Cartoonist William Donahey was born in Westchester, Ohio, on October 19, 1883. An introverted child, he spent much of his time alone creating an imaginative world of small, strange creatures that he later credited as the birthplace of the Teenie Weenies. Donahey's parents, noticing his creative streak, enrolled him in the Cleveland School of Art, hoping that he would follow his older brother into the newspaper illustration business. After graduating in 1903, Donahey worked briefly in advertising before joining the staff of the Cleveland Plain Dealer, where his brother was the political cartoonist and where he met his wife, columnist and children's writer, Mary Dickerson.
Donahey began specializing in children's cartoons while working for the Plain Dealer.
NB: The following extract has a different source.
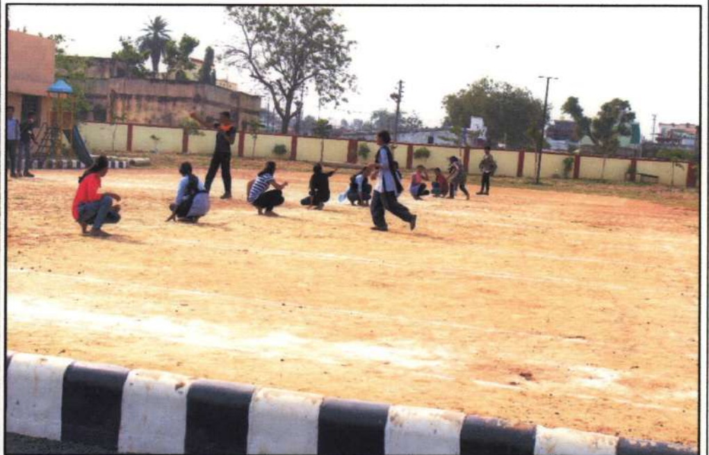
Girls in action during the 'Kho-Kho Championship'

His wife introduced him to some of the traditional children's stories he had missed as a child, such as Arabian Nights, Alice in Wonderland, and Mother Goose rhymes. Donahey started illustrating Mother Goose rhymes, preferring their gentle verses to what he considered the violence of contemporary children's stories. He also composed his own poems and stories. When the editor of the Chicago Tribune saw Donahey's original creations, he offered him a regular position as a cartoonist.
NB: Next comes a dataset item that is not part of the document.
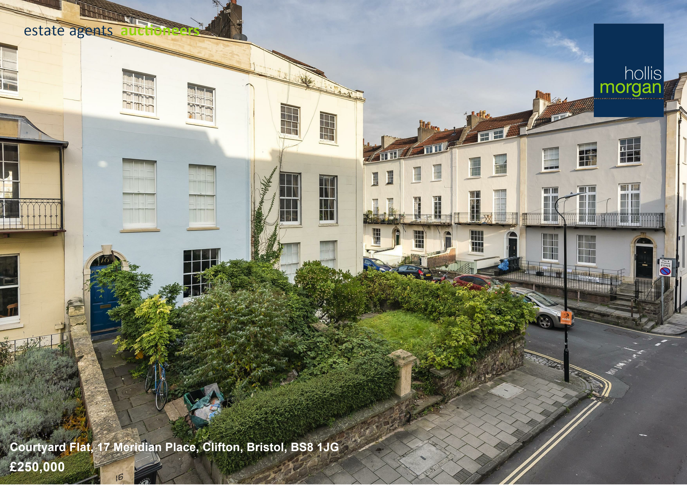
Courtyard Flat, 17 Meridian Place, Clifton, Bristol, BS8 1JG £250,000

It was at the Chicago Tribune that Donahey created the Teenie Weenies. The Teenie Weenies stories consisted of one large illustration and accompanying text about the lives of some 40 characters that lived beneath a rosebush in structures made out of hats, an old boot, jugs, and a rusty tomato can. The first appeared in black and white on June 14, 1912. Color was quickly added and, in 1923, the feature moved to the regular Sunday comics section.
The Teenie Weenies proved so popular that it was soon syndicated in newspapers around the world. The characters also appeared in books, school primers and advertising, as well as on handkerchiefs, tin boxes, decals, dolls and clothing. Donahey also had a number of licensing agreements for his work with companies like Monarch Foods and Reid-Murdoch. Donahey poured most of his energy into his newspaper cartoons, though, retiring from the paper only a few months before his death in 1970.
The Teenie Weenies collection came to the Society after a librarian at the Newberry Library in Chicago informed then-Society Director Les Fishel in 1963 that Donahey had offered the collection to the Newberry. The librarian, Bill Towner, thought the collection would fit nicely into the Society's Mass Communications History Collections, which include some other cartoon collections. Fishel visited Donahey, and they agreed that the Society would be the proper repository for the collection. The first installment of Donahey's drawings arrived in October 1964, with additional drawings — and Donahey's papers — coming to the Society after Donahey's death in 1970.
In addition to this gallery, a selection of giclée print reproductions of Donahey's Teenie Weenies drawings are also on display on the fourth floor of Society's headquarters through April 2008. The exhibit, like the online gallery, represents only a fraction of the extensive collection of original Donahey drawings and other material held by the Society.